What kind of research was this?

This was an animal study that aimed to improve the understanding of how dose-escalation therapy works so that it can be made more effective and safer.

Animal studies are the ideal type of study to answer this sort of basic science question.

 

What did the research involve?

Most of the experiments were performed in mice that were engineered to develop autoimmune encephalomyelitis, which has similarities to multiple sclerosis (MS).

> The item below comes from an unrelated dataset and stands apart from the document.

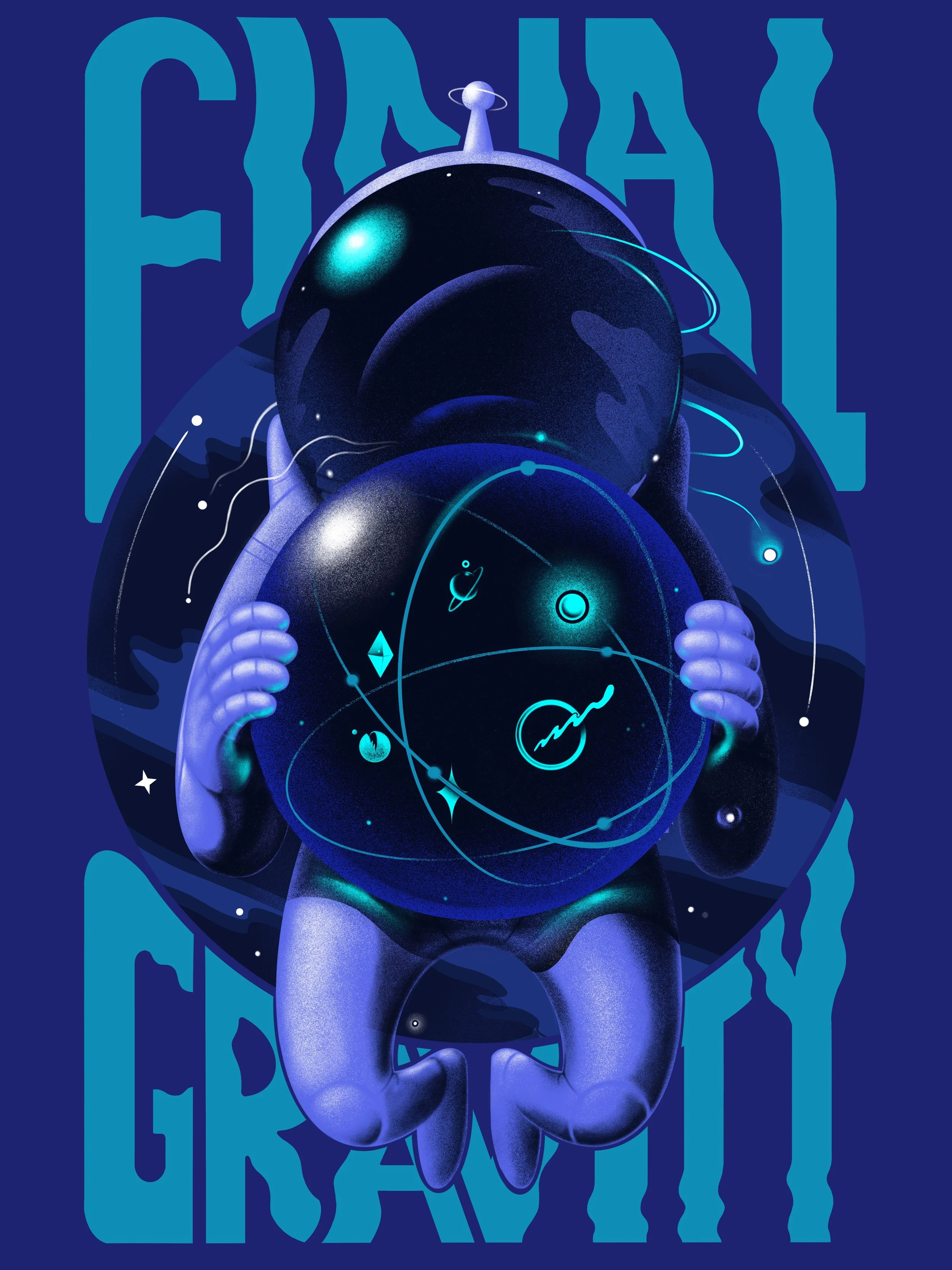 Designed for Final Gravity’s 6th anniversary, the idea is a lone astronaut on a voyage with their three dimensional astrolabe for navigating their space endeavors.

In this mouse model, more than 90% of a subset of immune cells called CD4+ T cells recognise myelin basic protein, which is found in the myelin sheath that surrounds nerve cells. This causes the immune system to attack the myelin sheath, damaging it, which causes nerve signals to slow down or stop.

The researchers injected the mice subcutaneously (under the skin) with a peptide (small protein) that corresponded to the region of myelin basic protein that was recognised by the CD4+ T cells.

The researchers initially wanted to see what the maximum dose of peptide that could be tolerated was, and what dose was most effective at inducing tolerance.

They then did further experiments in which they increased the dose of peptide and compared that with just giving the same dose of peptide on multiple days.

Finally, they looked at what genes were being expressed or repressed in CD4+ T cells during dose-escalation.

 

What were the basic results?

The researchers found that the maximum dose of peptide that could be tolerated safely by the mice was 8µg (micrograms).

The tolerance to the peptide increased as peptide dose increased. This means that when the mice were re-challenged with peptide, the immune response was lower in mice that received 8µg of peptide compared to mice that had received lower doses.

The researchers found that dose escalation was critical for effective immunotherapy. If mice received 0.08µg on day 1, 0.8µg on day 2, and 8µg on day 3, they could then tolerate doses of 80µg with no adverse effects. In addition, this dose escalation protocol suppressed activation and proliferation of the CD4+ T cells in response to the peptide.

The researchers then looked at the gene expression within CD4+ T cells during dose escalation. They found that each escalating dose of peptide treatment modified the genes that were expressed. Genes that are associated with an inflammatory response were repressed and genes that are associated with regulatory processes were induced.

How did the researchers interpret the results?

The researchers concluded that “these findings reveal the critical importance of dose escalation in the context of antigen-specific immunotherapy, as well as the immunological and transcriptional signatures associated with successful self-antigen escalation dose immunotherapy”.

They go on to say that “with the immunological and transcriptional evidence provided in this study, we anticipate that these molecules can now be investigated as surrogate markers for antigen-specific tolerance induction in clinical trials”.

 

Conclusion

This mouse study using a mouse model of MS has found that the dose-escalation protocol is extremely important for inducing tolerance, in this case a small fragment of myelin basic protein.

Escalation dose immunotherapy minimised immune system activation and proliferation during the early stages, and caused changes in gene expression that caused the attacking immune cells to express regulatory genes and to become suppressive.

The researchers hope that some of the changes in immune cells and in gene expression that they have identified can be used in clinical studies of tolerance-inducing treatments for autoimmune disorders to determine whether therapy is working.